Medium-size inversions are called by the component of OMTools.jar. Please type "java -jar OMTools.jar SVDetection" to check the parameters.
postFilter.sh has 2 parameters: SV list file and cutoff size. This component could remove the false SVs caused by N-gaps, fragile sites, or pseudo-autosomal regions and filter the cases with given SV size.

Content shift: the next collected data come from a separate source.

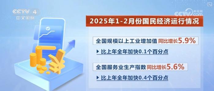 數(shù)據(jù)顯示,2025年1—2月份,工業(yè)生產(chǎn)較快增長,全國規(guī)模以上工業(yè)增加值同比增長5.9%,比上年全年加快0.1個(gè)百分點(diǎn)。服務(wù)業(yè)增勢(shì)較好,全國服務(wù)業(yè)生產(chǎn)指數(shù)同比增長5.6%,比上年全年加快0.4個(gè)百分點(diǎn)。市場(chǎng)銷售增長加快,社會(huì)消費(fèi)品零售總額83731億元,同比增長4.0%,比上年全年加快0.5個(gè)百分點(diǎn)。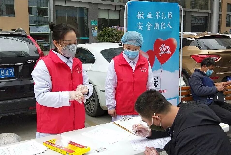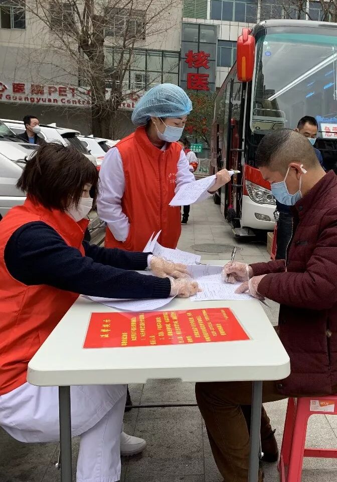 医院的志愿者不但带头献血,在献完血后还义务在现场做起了志愿服务,登记、排号,提供健康宣教,宣传防疫知识。在志愿者的带领和感召下,越来越多的群众加入到无偿献血的队伍中。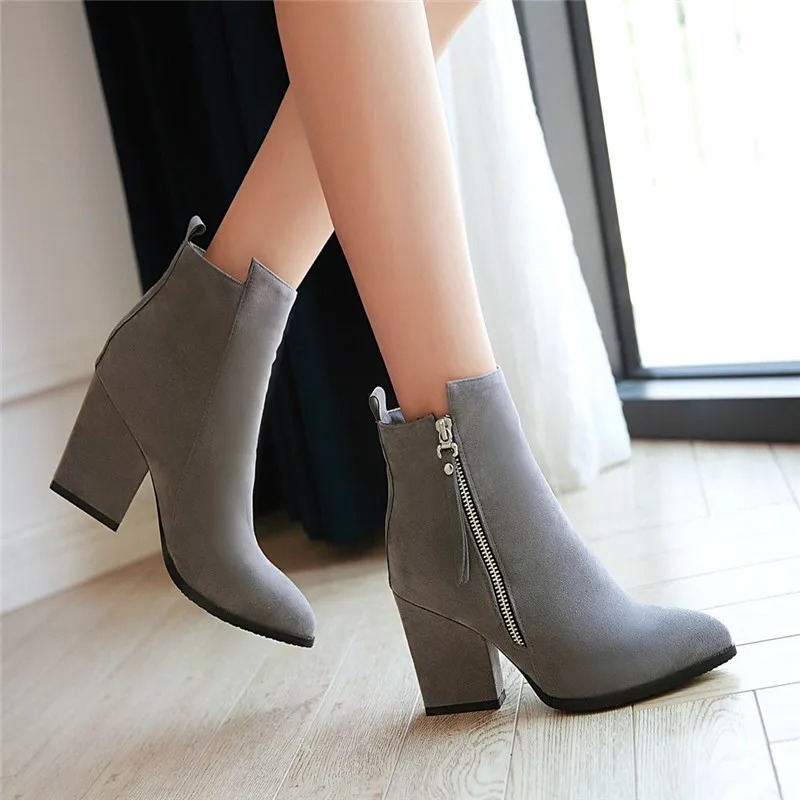 Женские ботинки с острым носком, на толстом каблуке, водонепроницаемые, большие размеры, 2019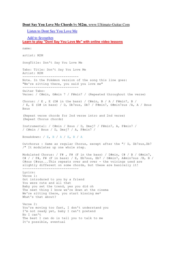 Dont Say You Love Me Chords By M2m Song Structure Vocal Music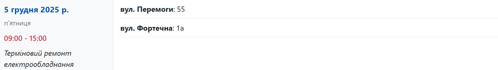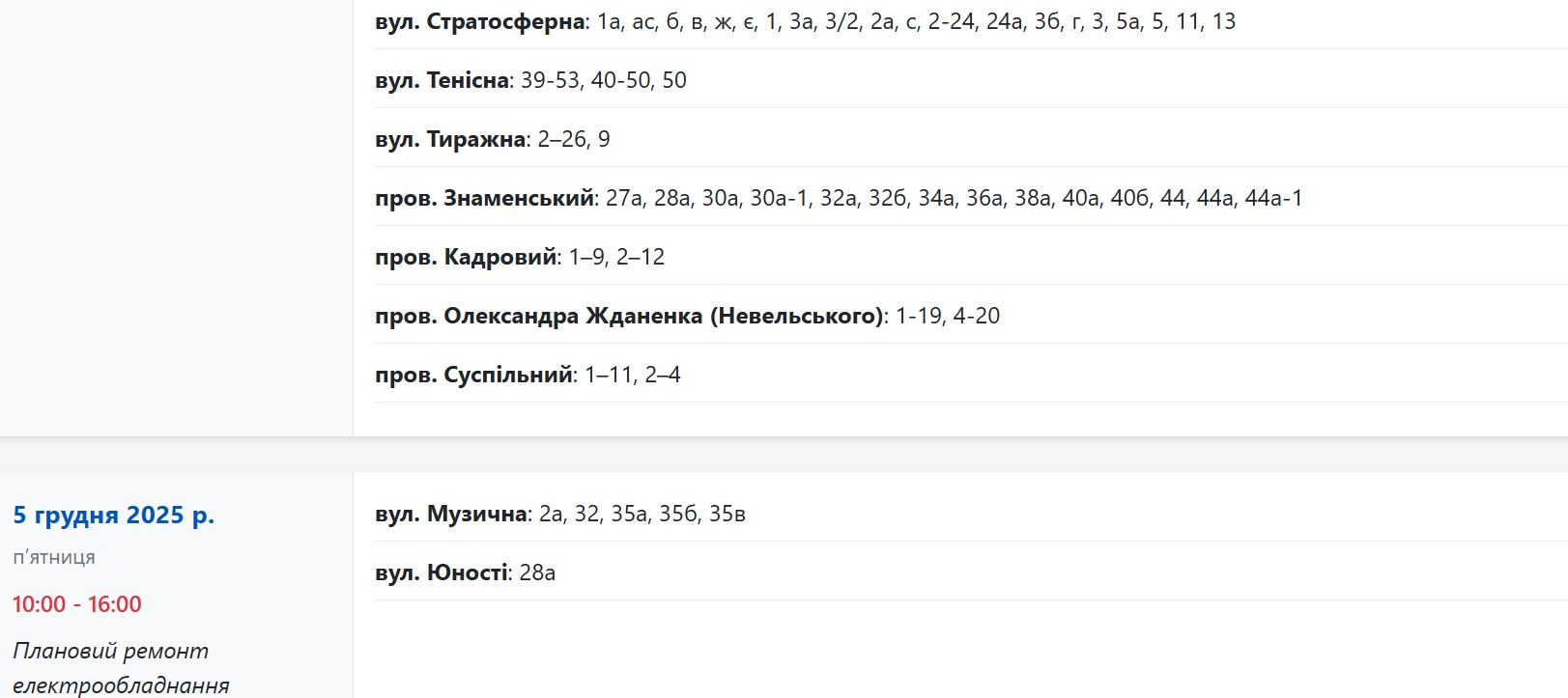 За даними енергетиків, із 09:00 до 15:00 електрики не буде у споживачів, які мешкають за адресами: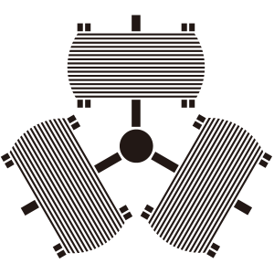三つ枠糸巻紋は、凧揚げなどに用いる手持ちの糸巻きを、3本尻合わせに集めて車状に描く。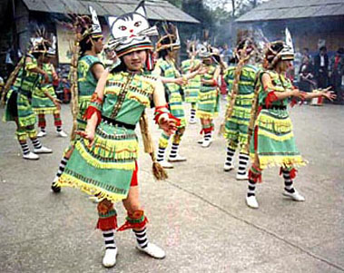 この頃になると、「ネコ」たちに扮した約20人の若い男女が色が鮮やかなふさ狀の裝飾物を幾重にも飾り立てられている三毛ネコの毛皮のような服とスカートを身につけ、ワラで作った輪を頭にかぶり、形がネコの尾のようなワラの辮髪が背後に垂れ下がり、その上にゆらゆらと煙の立つ線香がたくさん差し、人々のひたいの上部にさらに「大きなネコの頭」の仮面をつけて『火のネコ踴り』を踴るのである。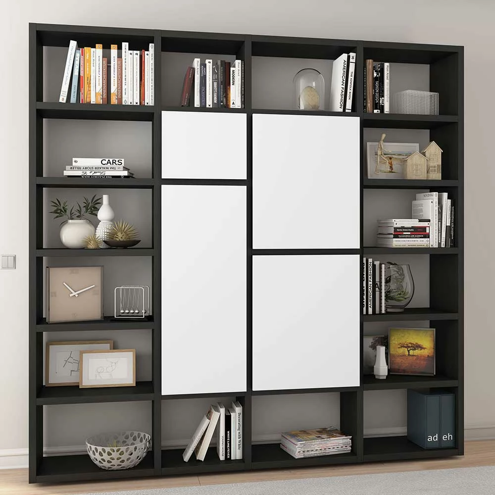 - Hervorragende Regalwand in Eiche Schwarz Braun und Weiß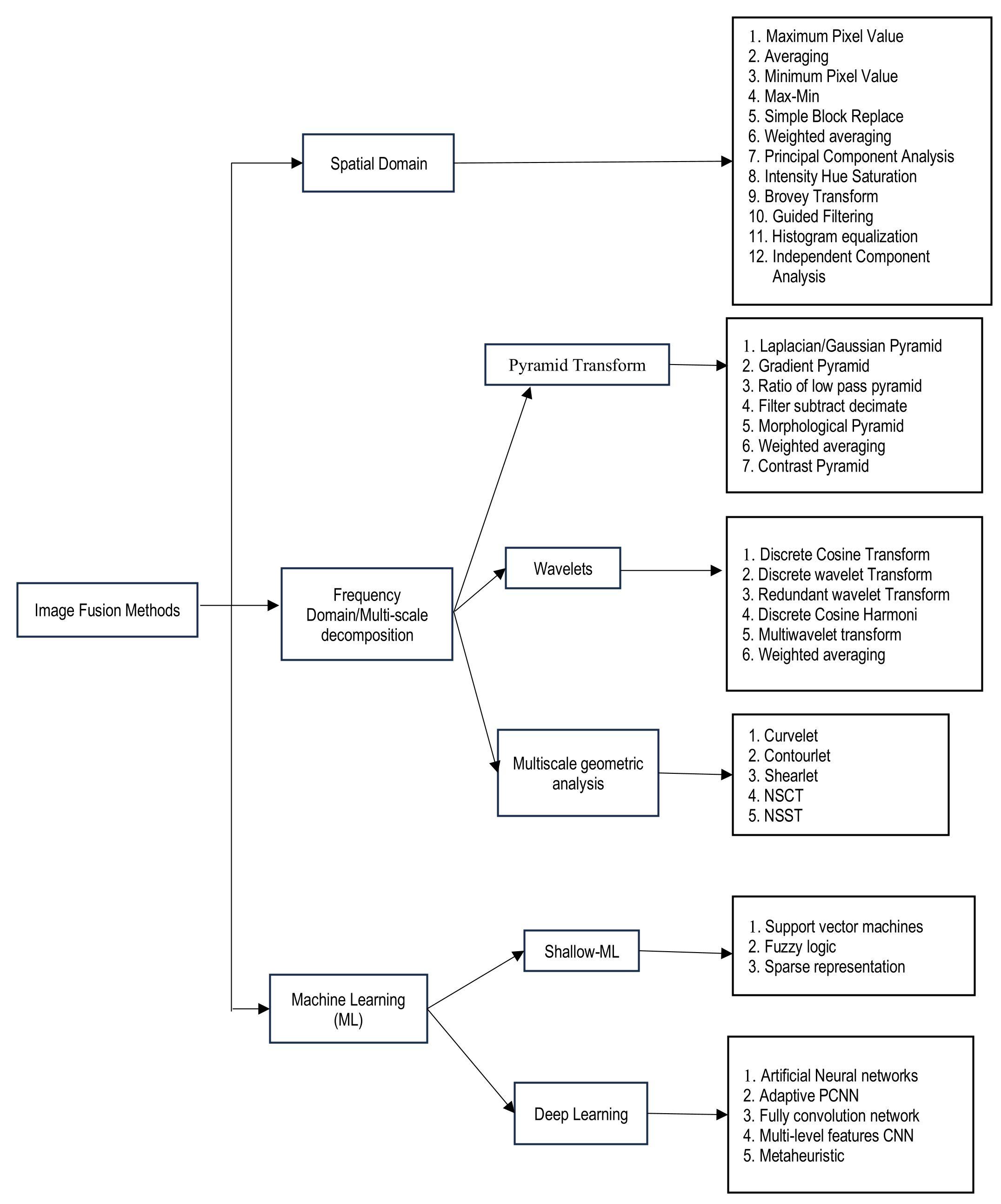 | Morphological pyramid [34] Laplacian/Gaussian pyramid [34,35] Gradient pyramid [36] Low-pass pyramid ratio [37] Filter subtract decimate [36] | Provide better image quality | The fused image is affected by the number of breakdown levels. Also, there is no direction information, so detailed image information in different directions cannot be extracted. |

OMSV accepts .oma (OM Alignment) format files as alignment results, which is the output file format of OMBlast, and .cmap (consensus map) file as reference genome maps.
The resulting file format is .osv (OM SV), which generally has 13 columns:
1. chr: chromosome of SVs.
2. start: start of coordinate of SVs on reference.
3. stop: stop of coordinate of SVs on reference.
4. type: SV types.
5. variant_id: SV id.
6. obsolete column (preallocated for the next version).
7. sample id.
8. SV size.
9. zygosity of SVs: homozygous or heterozygous.
10. likelihoood: the likelihood of the SV calls.
11. score: the likelihood ratio of the SV calls.
12. coverage: number of molecules covering the SV region.
13. against: number of molecules covering the SV region but support reference type.